• Listed records
----
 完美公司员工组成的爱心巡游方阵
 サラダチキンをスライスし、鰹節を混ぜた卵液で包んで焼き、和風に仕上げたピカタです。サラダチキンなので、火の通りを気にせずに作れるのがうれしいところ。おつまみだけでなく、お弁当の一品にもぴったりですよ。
----
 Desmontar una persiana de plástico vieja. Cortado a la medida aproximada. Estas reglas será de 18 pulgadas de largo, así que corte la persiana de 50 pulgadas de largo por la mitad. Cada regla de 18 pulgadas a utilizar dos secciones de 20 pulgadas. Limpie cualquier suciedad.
----
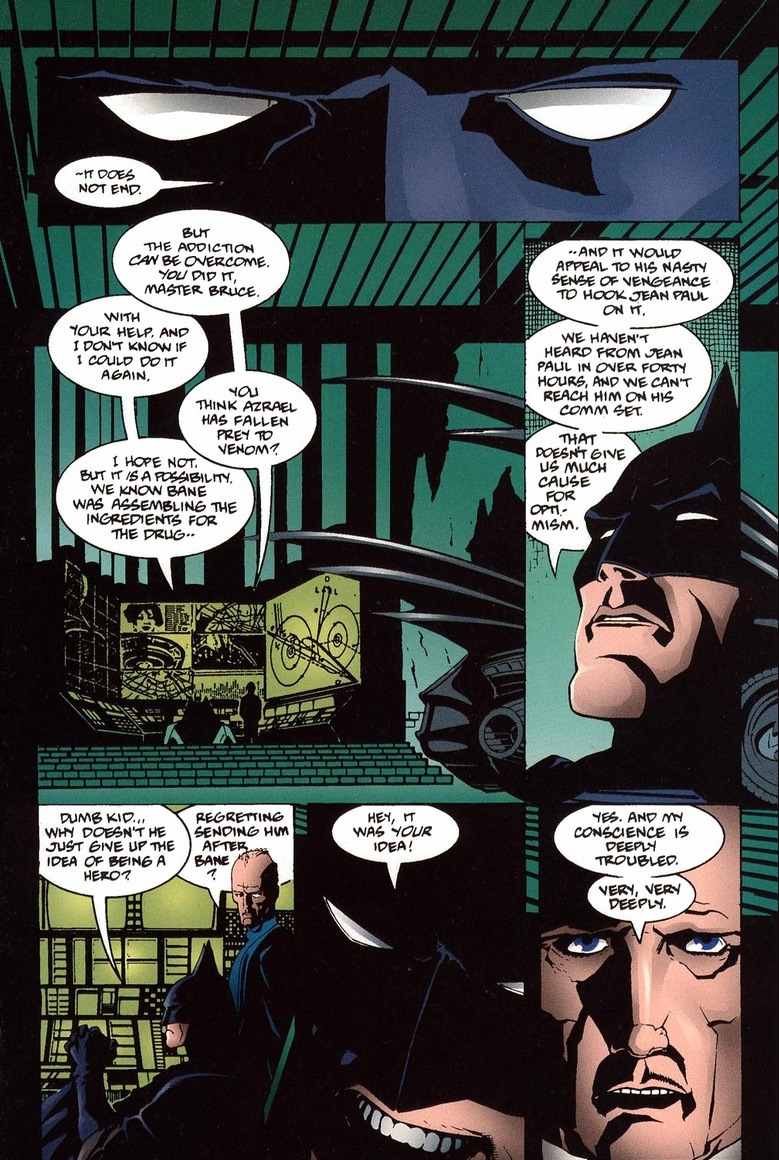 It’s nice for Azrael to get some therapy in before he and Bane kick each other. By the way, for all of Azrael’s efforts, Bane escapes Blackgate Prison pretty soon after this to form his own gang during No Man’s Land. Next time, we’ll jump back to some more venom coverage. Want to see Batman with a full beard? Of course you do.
----
• Problem statement
With the first line being the one containing "完美公司员工组成的爱心巡游方阵" and the last line the one containing "サラダチキンをスライスし、鰹", transcribe exactly the lines above that fall in that range.

• Result of the task
 完美公司员工组成的爱心巡游方阵
 サラダチキンをスライスし、鰹節を混ぜた卵液で包んで焼き、和風に仕上げたピカタです。サラダチキンなので、火の通りを気にせずに作れるのがうれしいところ。おつまみだけでなく、お弁当の一品にもぴったりですよ。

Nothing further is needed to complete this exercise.